C-sections and Mastectomies

No, not saying there is a link between the two — I’m just drawing an analogy.

Since I have many posts decrying the outrageous C-section rate today, and draw attention to the fact that an ever-increasing number of C-sections are unnecessary, and talk about how women many times have negative feelings towards having had a C-section (especially an unnecessarean), I’ve gotten a few comments from women who have had C-sections who take exception to what they read into what I said. Many of them feel as if they need to justify their C-sections, as if I think that since some C-sections are unnecessary that all C-sections are unnecessary. Many also think that I must think that they are poor mothers for having had C-sections instead of giving birth vaginally. Nothing could be further from the truth!

On to the analogy, which I hope will make things crystal clear.

Many women have mastectomies in the United States every year. A few women choose to have their breasts removed for no other reason than a fear of breast cancer — perhaps some of these have a family history of breast cancer. Most women who have mastectomies do so because they already have cancer, and it is clear that removing their breasts will save their lives or at least give them a better chance of living. But there are undoubtedly some women who have had mastectomies done in error — just as my friend I mentioned the other day was incorrectly diagnosed with a very rare type of cancer on his leg and he never had cancer at all. Does the fact that some mastectomies save lives give any consolation to women who had their breasts removed for a wrong diagnosis?

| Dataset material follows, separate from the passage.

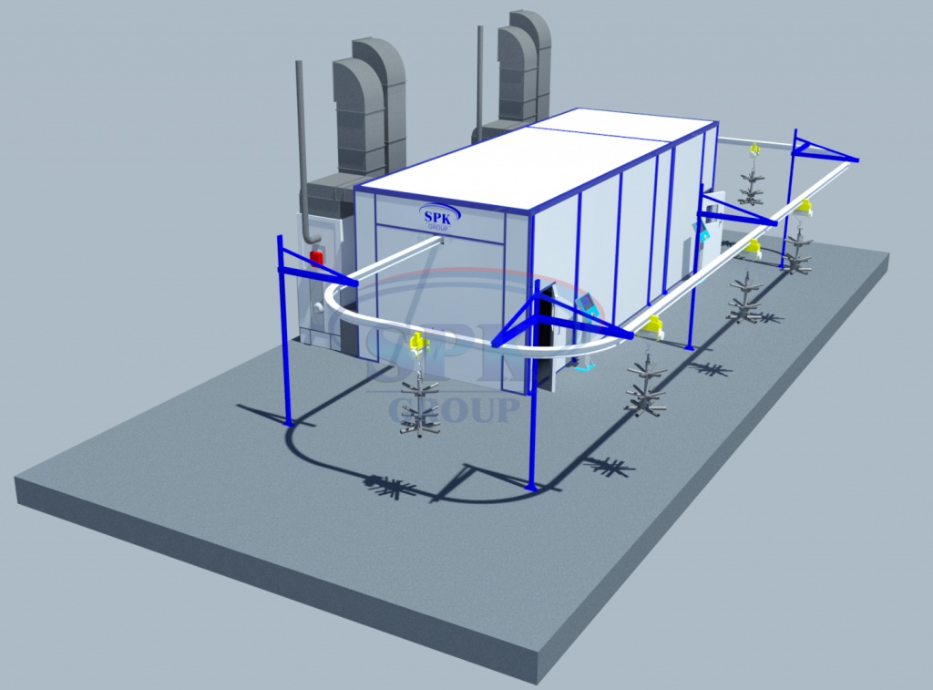 Воздух течет сверху вниз равномерно, огибая окрашиваемое изделие. Частицы краски могут задерживать напольные фильтры под решетками. Воздух нагревается лишь при работе вентиляционной системы. При отключении системы нагрев прекращается.
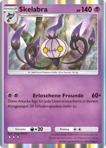 Skelabra, das Psycho-Pokémon aus der Erweiterung Traumhafte Parade, verfügt über 140 KP.

I’m sure many of you are inwardly cringeing at the idea of having a mastectomy in error. It’s not a surgery to be taken lightly — although I’ve not done research into it, it seems dreadfully painful with a long recovery time, an increased possibility of infection, a body forever scarred, not to mention the fact that most women who have mastectomies will endure chemotherapy which also wreaks untold havoc on the body. We take some comfort in the fact that such lab errors are (we hope and assume, anyway!) blessedly rare; yet it is the rarity which helps strengthen the horror of it, because it is not a common and everyday occurrence. When it happens, it is regrettable and may possibly even end up in the news, while other regrettable things may never be mentioned because they happen all the time. But what if there were a high false-positive rate in a test for breast cancer, and half of the women who had mastectomies due to a positive diagnosis found out later that the test was wrong, and they never had cancer at all, and had their breasts removed because of a lab error? Would the fact that half the mastectomies performed each day in the United States were unnecessary make the problem seem better or worse? We would become inured to it, I daresay, just as people who live in a war zone for years just become used to the bombs and grenades and death. But don’t you think that if it were the case that half of the women who had this disfiguring surgery had it performed unnecessarily should be headline news, even if it were a commonplace occurrence? So why isn’t the unnecessarily high C-section rate not receiving more news coverage?

Let’s imagine a scene in which three women meet — one still has her breasts, another had a necessary mastectomy, and the third just found out that her mastectomy was done in error. Would you expect the women who had mastectomies to think that the first woman thought she was better simply because she still had her breasts? Do you think the woman who had the necessary mastectomy would feel like she had to justify her surgery to the other two? Do you think that the woman who had the unnecessary surgery should feel better about it because “some mastectomies are necessary”? I didn’t think so.

Instead, what I imagine is that the unscarred one would be, yes, glad she still had her breasts, but not puffed up in her own imagination about her status; and she would be sympathetic towards both the other women, and perhaps even extremely angry on behalf of the woman who had had her breasts removed unnecessarily. This wouldn’t in any way diminish the status of the woman who had had the necessary mastectomy, and she would be glad for her sake that the surgery was available to save her life. The woman who had had the necessary mastectomy would also be glad for the availability of the surgery, but would be angry on behalf of the woman who had had it unnecessarily, and might even join her in a campaign to reduce the number of unnecesary mastectomies, although hers had been necessary. And the woman who had had the unnecessary mastectomy would be probably extremely angry on her own behalf, and everyone would understand that, and no one would try to say, “Well, just be grateful that you’re healthy,” because everyone would realize that going through an unnecessary and painful surgery is worth getting upset about — no matter how many painful surgeries are actually necessary.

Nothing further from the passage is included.